Wood’s critique of AI is similarly structural. The problem is not that AI systems exist. The problem is that they are trained on data accumulated by platforms with no obligation to share access, and deployed on infrastructure owned by companies with no obligation to be neutral. A decentralised AI infrastructure — where training data, model weights, and inference capacity are distributed across participants who contribute and benefit proportionally — addresses that structural problem. Whether that infrastructure exists at commercial scale is a different question. At Web3 Summit 2026, it exists primarily in prototypes.
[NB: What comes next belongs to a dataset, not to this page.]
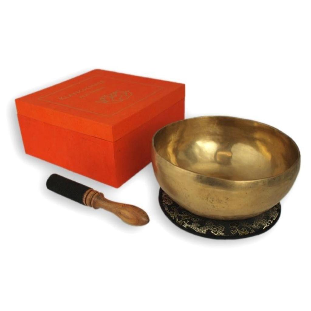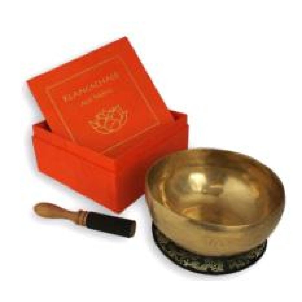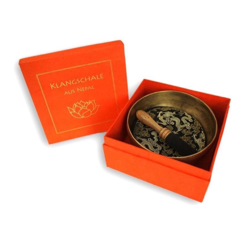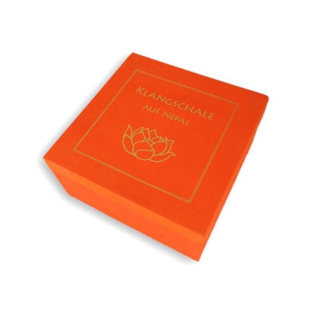 Traditionell gefertigte Klangschale in Geschenkbox mit Lotussymbol aus Nepal

Web3’s Own Inequality Problem
The Web3 Summit 2026 attracted genuine critics alongside its advocates. The Euronews article covering the event noted the sharpest internal tension directly. As AI accelerates the race for control of digital infrastructure, supporters and critics of Web3 alike see decentralisation as an opportunity to redistribute power — though they differ sharply on whether the technology can deliver it without creating new forms of inequality.
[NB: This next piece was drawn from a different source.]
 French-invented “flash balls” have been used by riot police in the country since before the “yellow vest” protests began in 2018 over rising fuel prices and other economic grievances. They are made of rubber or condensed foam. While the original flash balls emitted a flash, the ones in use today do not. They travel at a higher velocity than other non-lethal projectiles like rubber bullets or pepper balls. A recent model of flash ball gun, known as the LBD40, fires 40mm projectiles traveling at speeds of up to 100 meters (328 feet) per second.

That critique is well-founded. Bitcoin — the oldest decentralised network — is more concentrated in ownership than the US stock market. Early participants in most blockchain networks hold disproportionate stakes that give them structural advantages over later entrants. Decentralised governance systems frequently reproduce the same power dynamics they were designed to replace. Additionally, the technical complexity of Web3 tools creates a de facto wealth filter. The people who can navigate self-custodied wallets, decentralised exchanges, and cryptographic identity systems are predominantly those with technical training and financial resources. The people most harmed by data extraction are often least equipped to use the alternatives.
TF Summary: What’s Next
Web3 Summit 2026 concluded on 19 June. The Web3 Foundation continues its grant programme for decentralised application development. Polkadot‘s 2026 development roadmap focuses specifically on AI-adjacent use cases — decentralised identity, privacy-preserving computation, and data marketplaces. The EU Digital Wallet rollout — expected in 2026 across all 27 member states — represents the closest thing to government-mandated digital self-sovereignty currently in progress.
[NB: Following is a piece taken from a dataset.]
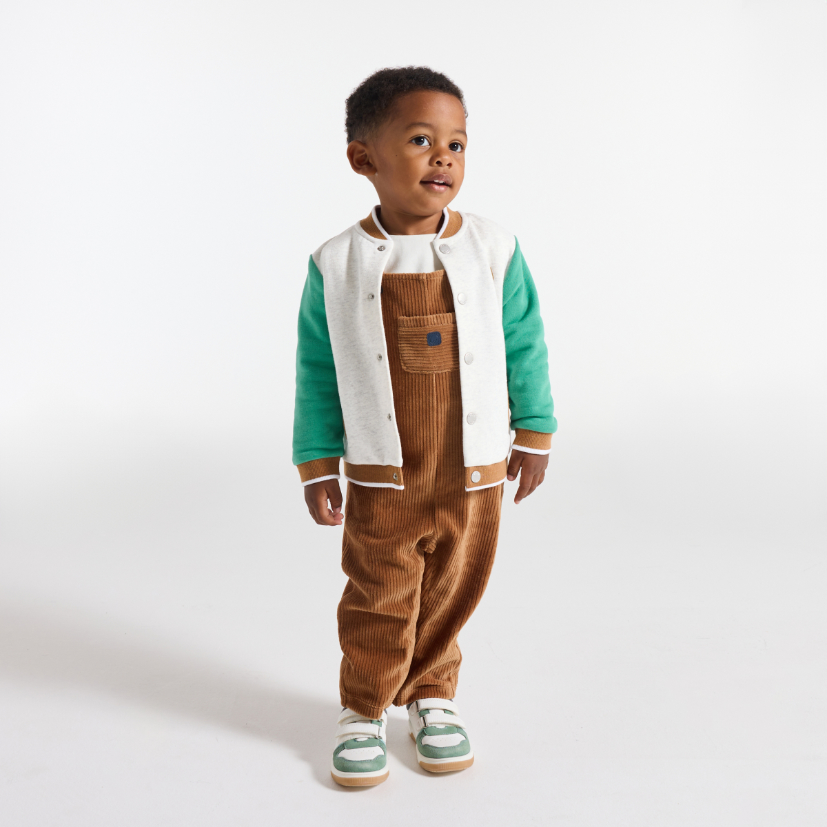 لنمرح معًا! مع هذه الرسالة المبهجة، بات الأمر واضحًا! نحن نحب روح الدبدوب التيدي في هذه السترة الصوفية الناعمة. ثنائية اللون بأكمام طويلة مع تشطيب بحواف مضلعة وإغلاق بأزرار ضغط لسهولة ارتداء الصغار لملابسهم.

MY FORECAST: The Web3 Summit 2026 will not produce a single breakout technology. That is not its purpose. By contrast, it will produce something harder to measure — a growing technical and political coalition that agrees the current internet architecture is extractive and unsustainable. The AI acceleration of that extraction is the specific development that makes the moment different from previous Web3 cycles. When Anthropic‘s most powerful AI model can be shut down by a government directive, and when every major platform’s AI product is trained on data users never knowingly provided — the case for user sovereignty is easier to make. Varoufakis will speak to ever-larger audiences. Wood will continue building the infrastructure. Whether the infrastructure ever reaches the scale required to challenge the platforms is the open question. It will not be answered in Berlin. But Berlin is where the argument is being made clearly enough to travel.